The Doorknob Principle

The Doorknob Principle

Written by: Theunis Duminy

Date: 2025-08-24

Decision MakingEthics


My grandparents had a beautiful house on the coast where my mother's side of the family would get together for Christmas. Childhood memories tend to be sparse, but I remember how much I loved being in that house.

We ran on the perfectly cut grass, the cousins, keeping ourselves entertained long enough to have more of the delectable cake our grandmother made for us. There was a wooden crate filled with toys and balls to keep us busy. We tried not to, but inevitably a plant would become the victim of a well-struck football. It was the best time.

With the passing years, as I grew taller, I noticed a design quirk in the house. I had to bend over to open doors. Every doorknob was lower than you'd expect, just over half a metre from the ground. Bending to open a door was a tiny inconvenience so it never made sense to ask why it was that way. It was simply an accepted oddity of the house. Something you'd notice and forget about shortly after.

One December, I finally understood why it was built that way. I saw my sister, much younger and shorter than me, reach up only slightly to open a door. Aha! If the doorknobs were higher, she wouldn't have been able to open any doors. The accessibility for children came at the minor hindrance of reaching down for adults.

That doorknob taught me something about accessible design. But the real lesson came years later, when I was planning dinner with friends and one was seriously allergic to shellfish. I caught myself thinking: Everyone else could happily skip the shrimp, but she couldn't choose to ignore her allergy. Suddenly I was in that house again, watching my sister reach for the doorknob. Our decisions shape what's possible for other people.
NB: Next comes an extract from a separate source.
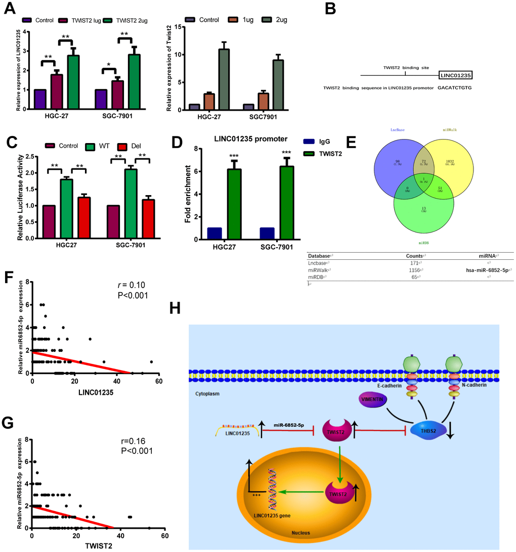 Interestingly, the overexpression gradient of TWIST2 in HGC-27 and SGC-7901 cells showed that LINC01235 expression also increased (Figure 6A). We investigated the predicted binding site for TWIST2 in genomic LINC01235 at the Jaspar website (Figure 6B and Supplementary Table 2), and used luciferase testing to verify that ectopic TWIST2 expression enhanced transcription of firefly luciferase from the wild-type LINC01235 promoter. When the TWIST2-binding sequence was deleted, the firefly luciferase expression significantly decreased (P<0.01) (Figure 6C). We also performed ChIP assays to determine if TWIST2 bound to the LINC01235 promoter in cells. As expected, RT-qPCR results showed that the TWIST2 groups were higher than the IgG control groups (P<0.001; Figure 6D). In order to explore the regulatory effect of LINC01235 on TWIST2, we predicted and analyzed target genes in three databases, LncBase, miRWalk and miRDB. The Venn diagram shows that miR-6852-5p may be the key target miRNA involved in the regulation of TWIST2 by LINC01235 (Figure 6E). The TCGA database analysis showed that the expression of miR6852-5p was negatively correlated with LINC01235 and TWIST2, which further confirmed our idea (Figure 6F, 6G).

I think about the placement of that doorknob often. The principle extends far beyond architecture, and shows up constantly. Every day, we decide where to place the doorknob for others to come in. I've come to lovingly refer to it as the Doorknob Principle. It goes like this:

Bend towards the person who can't reach towards you.
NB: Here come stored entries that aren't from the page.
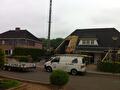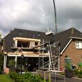 De dakrenovatie is inmiddels bijna afgerond, nu we er toch waren wilde de opdrachtgever toch wel graag de binnenruimte in de slaap- en badkamer vergroten. Daarom zijn we nu bezig met het plaatsen van een dakkapel.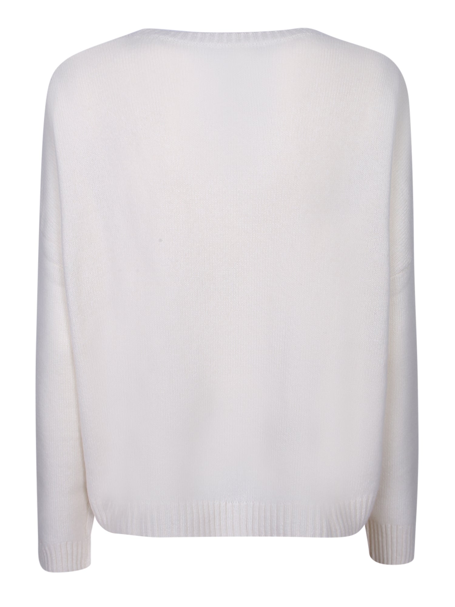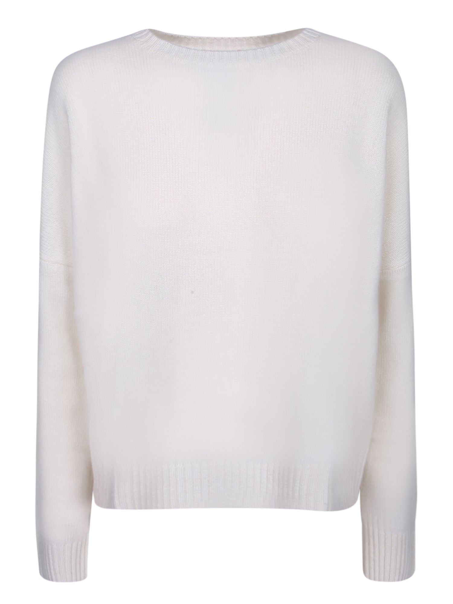 Long-sleeve sweater in fine knit. Crew neck. Solid white color.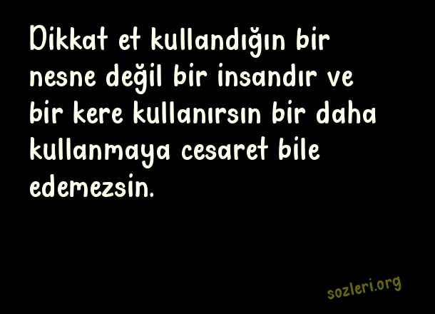 Dikkat et kullandığın bir nesne değil bir insandır ve bir kere kullanırsın bir daha kullanmaya cesaret bile edemezsin. ( Kullanılmak )

See, the thing with that doorknob is that it was never about adults sacrificing convenience for the sake of the children. No, it was about recognising inherent asymmetric capabilities and designing accordingly. Adults can bend down; children cannot reach up. The doorknob's height was an acknowledgement of reality.

You'll see this asymmetrical constraint everywhere, especially in relationships. Have you ever been in any of these situations?
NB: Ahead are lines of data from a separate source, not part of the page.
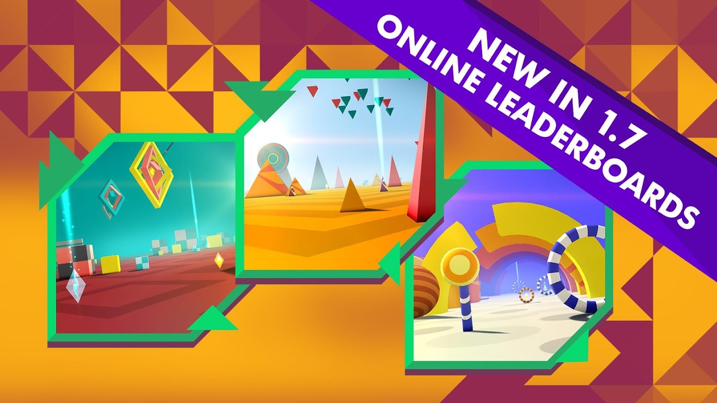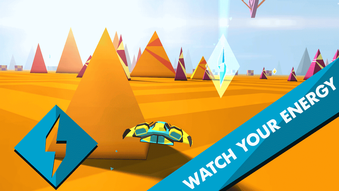 Race in the crazy world of geometry shapes. Aim towards the setting sun and watch out for obstacles that will try to push you off the track.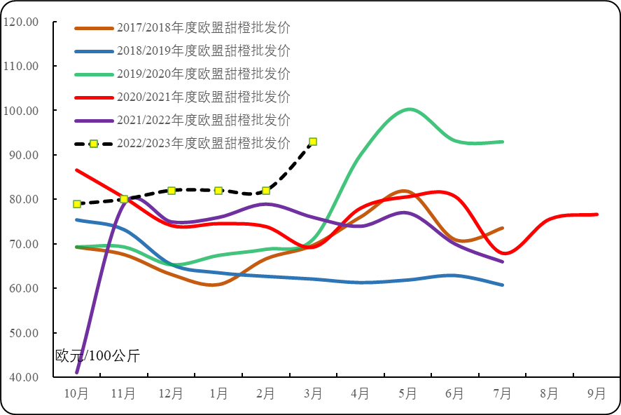 欧洲甜橙市场:本土品牌甜橙供给急剧走低,欧盟甜橙市场批发价格拉升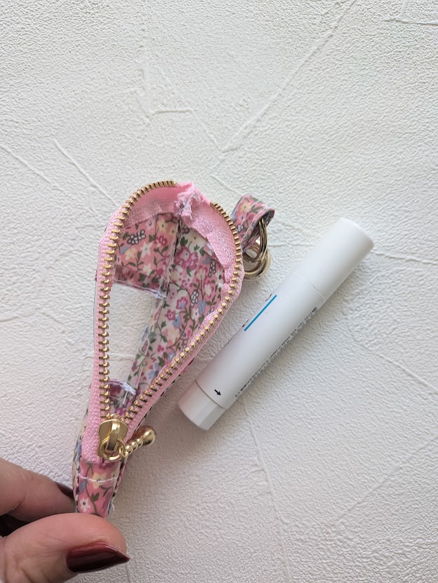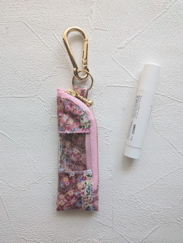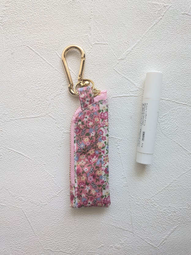 長めのリップクリーム(約8×2cmの円柱サイズ)が入る、縦約11cm・幅4cm弱の 縦型ポーチ として仕上げました。

  • You can take leave anytime, they have specific holiday periods
  • You're happy with double dates or group dinners, they're anxious in large groups
  • You're fine with aisle or window seats, they get claustrophobic in middle seats

Unaware of the Doorknob Principle, we might frame the solution as only two options: What outcome makes me the happiest, or what outcome makes them the happiest. The issue with this framing is that it creates a zero-sum game where someone is getting the short end of the stick. But that's rarely the case. Decisions have more optionality than we often see at first, and that's what this principle helps us recognise.

Rather than competing over what each person wants most, we can focus on what neither can accept. Eliminate those options first. In the doorknob example, that means avoiding placements the child can't reach or that require excessive bending for the adults. It's also not as simple as finding a middle ground. We are searching for what works for the person who can't adapt, provided it doesn't cause genuine hardship for the person who can.

Importantly, this is not advocating for appeasing others at your own expense. Sometimes decisions aren't as binary as "we both love this" or "we both hate this". Often you're simply indifferent to an outcome that would help the other person. That being said, we must avoid both selfish comfort and pointless martyrdom. Don't choose ease at their expense, but don't choose suffering at your own.

The beauty of the Doorknob Principle is that it's not rooted in pity or altruism. It's clear-eyed design that acknowledges capabilities aren't fixed. The child grows taller, the adult grows older and less flexible. In relationships, we alternate between having options and needing them. The person who requires accommodation shifts with changing circumstances and seasons of life. The principle simply helps us see who has the greater capacity to adapt in any given moment.

The Doorknob Principle expects growth. It's an investment in reciprocity. When I started high school, I needed others to lower the doorknob for me by explaining unspoken rules, traditions, and social hierarchies invisible to an outsider. The older students could easily share what was second nature to them, but I couldn't magically know what took years to learn. However, the principle expects that in time I'd grow into that knowledge and become the one explaining things to the new kids.

But the principle also reveals something else: Those who refuse to grow. In healthy relationships, we alternate between bending and being accommodated. We all know people who always need you to plan around their schedule, preferences, and constraints, but when you need flexibility, there's never any bending in return. The principle exposes them as children who refuse to grow.

I never asked my grandparents why they built it that way. I'd like to think that during their planning, they saw a kid struggle with a door and made a choice. Whether intentional or not, they were teaching us that a thoughtful decision isn't sacrifice, but our way of making room for everyone to come inside. One day, they thought, our grandchildren will watch their own kids easily open those doors and realise the small act of bending was, in fact, never a hindrance. It's love, architected.


Thanks to Mignon Duminy for reading drafts of this.